* [PROBLEM STATEMENT]: Nothing outside the range is to be copied. From the entries below, reproduce exactly the lines starting at the one with "Deze tekening maakte" and ending at the one with "Applicant faces a", without pictures.

* [SUPPLIED MATERIAL]:
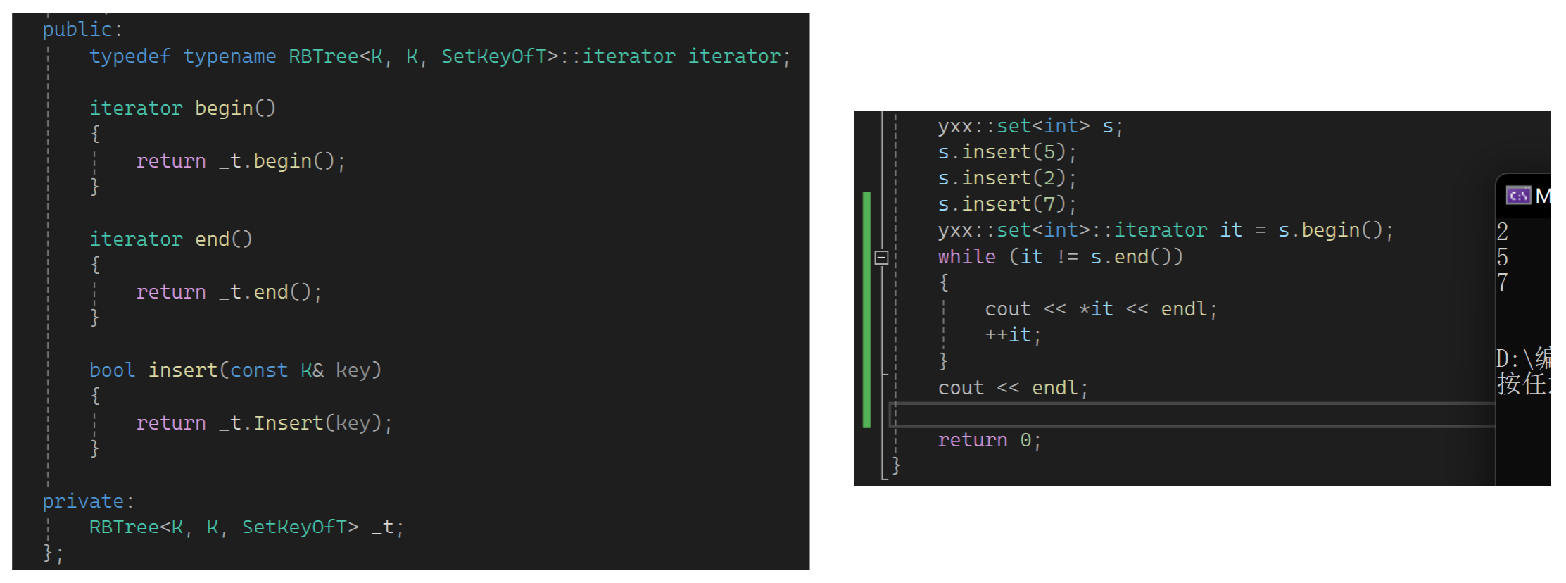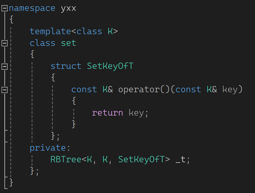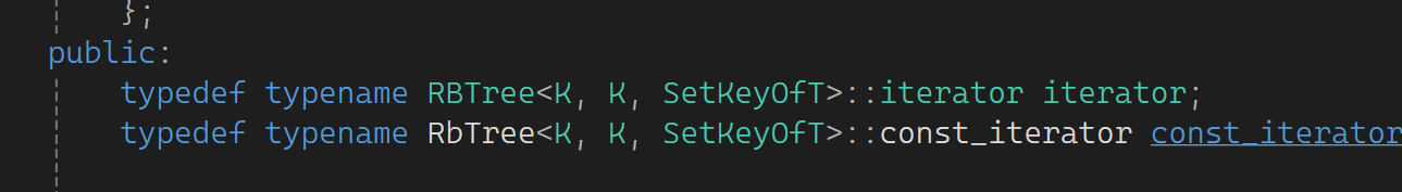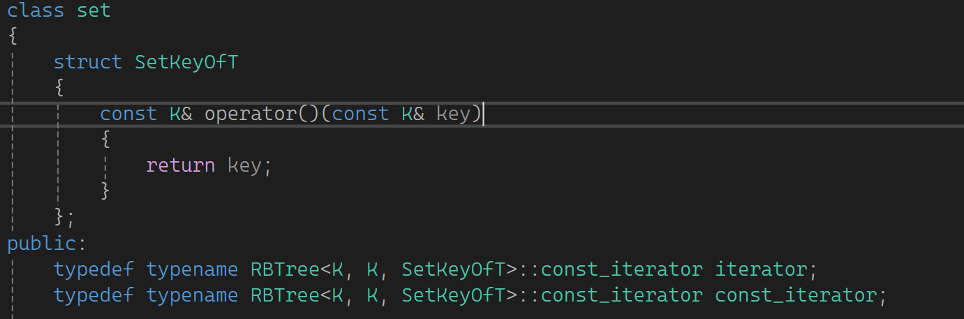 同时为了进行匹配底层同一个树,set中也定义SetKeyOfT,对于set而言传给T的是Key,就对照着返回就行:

...

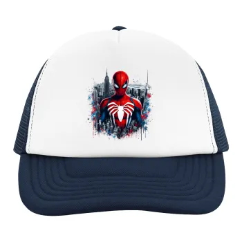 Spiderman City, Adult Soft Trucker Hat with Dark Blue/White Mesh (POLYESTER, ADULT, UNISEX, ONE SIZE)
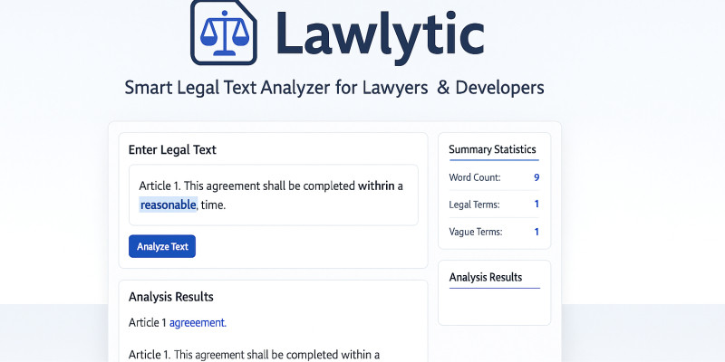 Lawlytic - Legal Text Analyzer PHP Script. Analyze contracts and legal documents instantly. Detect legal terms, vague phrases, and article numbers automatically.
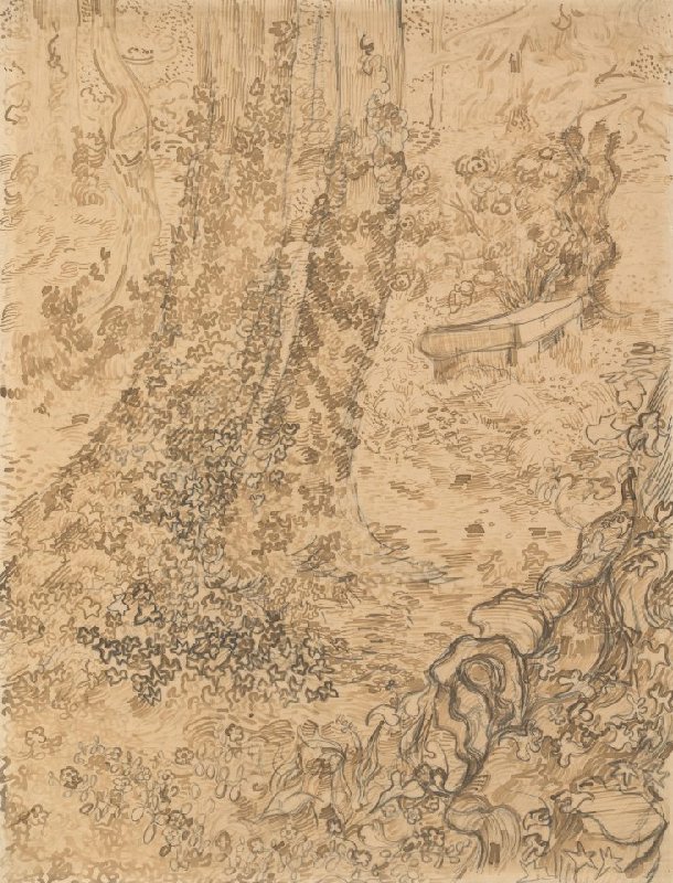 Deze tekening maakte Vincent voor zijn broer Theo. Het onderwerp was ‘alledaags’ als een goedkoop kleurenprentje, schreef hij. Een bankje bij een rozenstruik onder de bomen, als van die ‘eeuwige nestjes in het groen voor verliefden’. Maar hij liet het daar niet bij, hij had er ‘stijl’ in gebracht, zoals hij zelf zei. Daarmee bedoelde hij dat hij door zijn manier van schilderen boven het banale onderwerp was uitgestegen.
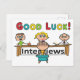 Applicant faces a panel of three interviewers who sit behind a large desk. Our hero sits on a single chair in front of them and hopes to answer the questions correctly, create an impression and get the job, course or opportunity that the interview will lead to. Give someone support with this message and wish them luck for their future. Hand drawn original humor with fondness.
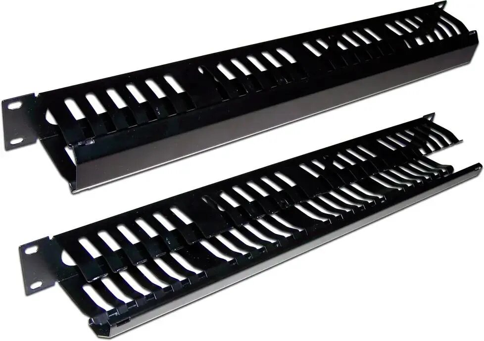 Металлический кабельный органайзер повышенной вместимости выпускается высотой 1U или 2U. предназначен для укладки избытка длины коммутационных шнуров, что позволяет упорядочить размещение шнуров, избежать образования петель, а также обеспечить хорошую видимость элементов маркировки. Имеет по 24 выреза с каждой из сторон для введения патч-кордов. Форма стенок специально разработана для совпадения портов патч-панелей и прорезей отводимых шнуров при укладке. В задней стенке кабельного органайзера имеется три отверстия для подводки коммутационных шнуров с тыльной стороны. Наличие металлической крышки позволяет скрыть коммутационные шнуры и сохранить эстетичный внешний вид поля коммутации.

* [SOLUTION FOR THIS EXERCISE]:
 Deze tekening maakte Vincent voor zijn broer Theo. Het onderwerp was ‘alledaags’ als een goedkoop kleurenprentje, schreef hij. Een bankje bij een rozenstruik onder de bomen, als van die ‘eeuwige nestjes in het groen voor verliefden’. Maar hij liet het daar niet bij, hij had er ‘stijl’ in gebracht, zoals hij zelf zei. Daarmee bedoelde hij dat hij door zijn manier van schilderen boven het banale onderwerp was uitgestegen.
 Applicant faces a panel of three interviewers who sit behind a large desk. Our hero sits on a single chair in front of them and hopes to answer the questions correctly, create an impression and get the job, course or opportunity that the interview will lead to. Give someone support with this message and wish them luck for their future. Hand drawn original humor with fondness.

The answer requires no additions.